AEO (Answer Engine Optimization) focuses on getting your content cited in AI overviews, featured snippets, and zero-click answers. GEO (Generative Engine Optimization) focuses on being recommended in AI-generated responses like ChatGPT conversations and Perplexity answers. AEO is about answering questions. GEO is about being recommended as a solution. Both benefit from the same foundations: structured data, fresh content, and source authority.
How does ChatGPT decide which vendors to recommend?
ChatGPT evaluates source authority (Wikipedia is the #1 source at 47.9%), referring domain strength (30% weight), content freshness, structured data availability, and cross-source consistency. Critically, it also pulls from review platforms like G2 and TrustPilot. Negative reviews can surface directly in AI answers about your brand. Pages need authority, structure, recency, and positive sentiment to be cited consistently.
How does Perplexity decide which vendors to recommend?
Perplexity weighs content freshness heavily (40% weight) and pulls significantly from Reddit (46.7% of citations). Recent, well-structured content that's discussed positively in Reddit communities has the highest citation probability on Perplexity.
Is it worth optimizing for multiple AI search engines?
Yes. Only 11% of domains are cited by both ChatGPT and Perplexity. Each engine has different citation preferences. Optimizing for just one leaves you invisible on the others. The good news: the fundamentals (structured data, freshness, authority, reviews) help across all platforms.
What is the ROI of AI search optimization?
AI search traffic converts at 14.2% compared to 2.8% for Google organic at Warmly. That's 5x higher conversion. We went from 5% to 30% of inbound demo requests coming from AI search in just 60 days. Vercel reports that ChatGPT now drives approximately 10% of new signups, up from 1% six months ago.

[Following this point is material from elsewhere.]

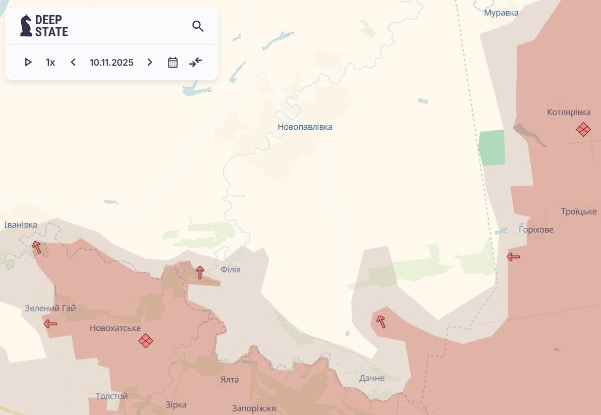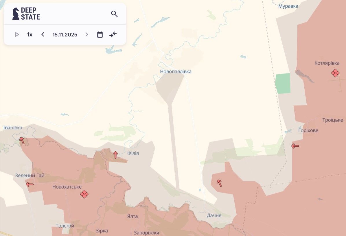 Ситуация в районе Новопавловки / Карта DeepStateMAP

As AI search grows from roughly 10% to potentially 50% of B2B research traffic over the next 2-3 years, the ROI compounds.
How long does GEO take to show results?
Faster than traditional SEO. We saw Perplexity citation improvements within 2-4 weeks of our mass content update. ChatGPT results took 4-6 weeks. The key variable is how quickly the AI engines re-crawl and reindex your updated content. Fresh, structured content gets picked up faster. Revenue attribution (AI search as % of demos) shifted noticeably within 60 days.
Do negative reviews affect AI search visibility?
Yes. Negative reviews on G2, TrustPilot, and other review platforms can surface directly in AI search answers about your brand. When buyers ask AI tools about downsides of your product, the AI pulls from these review sources. Our CEO tracked a specific negative G2 review that was appearing in AI answers, spent two months resolving the underlying issue with the reviewer, and got it updated. Review management is now an AEO strategy, not just a customer success task.
Does video content help with AI search?
Yes. Video captures spots in Google AI Overviews and feeds into ChatGPT visibility. YouTube videos appear in AI Overview carousels for relevant queries, and since ChatGPT uses web search results, video content indirectly improves ChatGPT visibility too. Create video versions of top blog posts, optimize for target keywords, host on YouTube, and embed in original posts for dual visibility.